» **TASK BRIEF**
Copy the listing below exactly, but skip the pictures.

» **SUPPLIED INFORMATION**
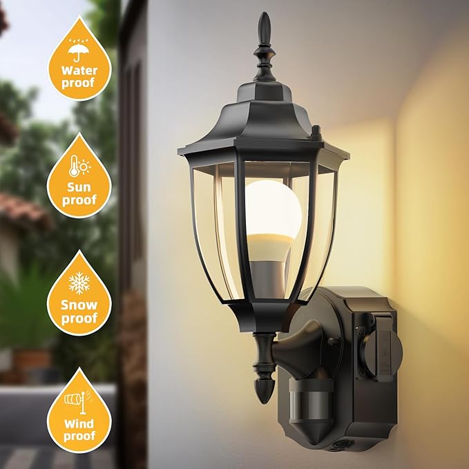 2 Pack Porch Lights Outdoor with Outlet, Motion Sensor Outdoor Wall Lights, Updated Dusk to Dawn Exterior Lighting Fixtures Waterproof Anti-Rust Aluminum Outside for House Entryway Garage, Black
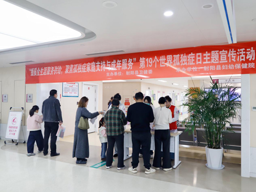 不仅如此,射阳妇幼保健院还积极联动全县各乡镇医疗机构同步开展宣传。各点位通过悬挂横幅、设立咨询台、发放资料等形式,让科普信息深入基层、广泛覆盖,在全社会营造理解、接纳、关爱孤独症群体的良好氛围。
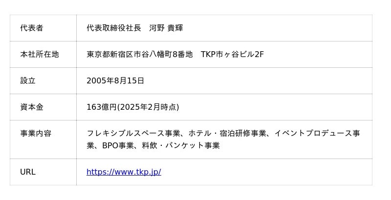 【株式会社ティーケーピー 会社概要】
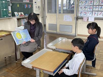 今日は朝読書の時間、全学級で先生方が読み聞かせを行いました。担任以外の先生が読み聞かせに来て下さるということで、何先生かなと楽しみにしている子もいました。どの学年もお話や絵に集中して聞いていました。朝の10分間ですか、本に親しむことで心穏やかに1限目を迎えることができています。

» **ANSWER BOX**
 2 Pack Porch Lights Outdoor with Outlet, Motion Sensor Outdoor Wall Lights, Updated Dusk to Dawn Exterior Lighting Fixtures Waterproof Anti-Rust Aluminum Outside for House Entryway Garage, Black
 不仅如此,射阳妇幼保健院还积极联动全县各乡镇医疗机构同步开展宣传。各点位通过悬挂横幅、设立咨询台、发放资料等形式,让科普信息深入基层、广泛覆盖,在全社会营造理解、接纳、关爱孤独症群体的良好氛围。
 【株式会社ティーケーピー 会社概要】
 今日は朝読書の時間、全学級で先生方が読み聞かせを行いました。担任以外の先生が読み聞かせに来て下さるということで、何先生かなと楽しみにしている子もいました。どの学年もお話や絵に集中して聞いていました。朝の10分間ですか、本に親しむことで心穏やかに1限目を迎えることができています。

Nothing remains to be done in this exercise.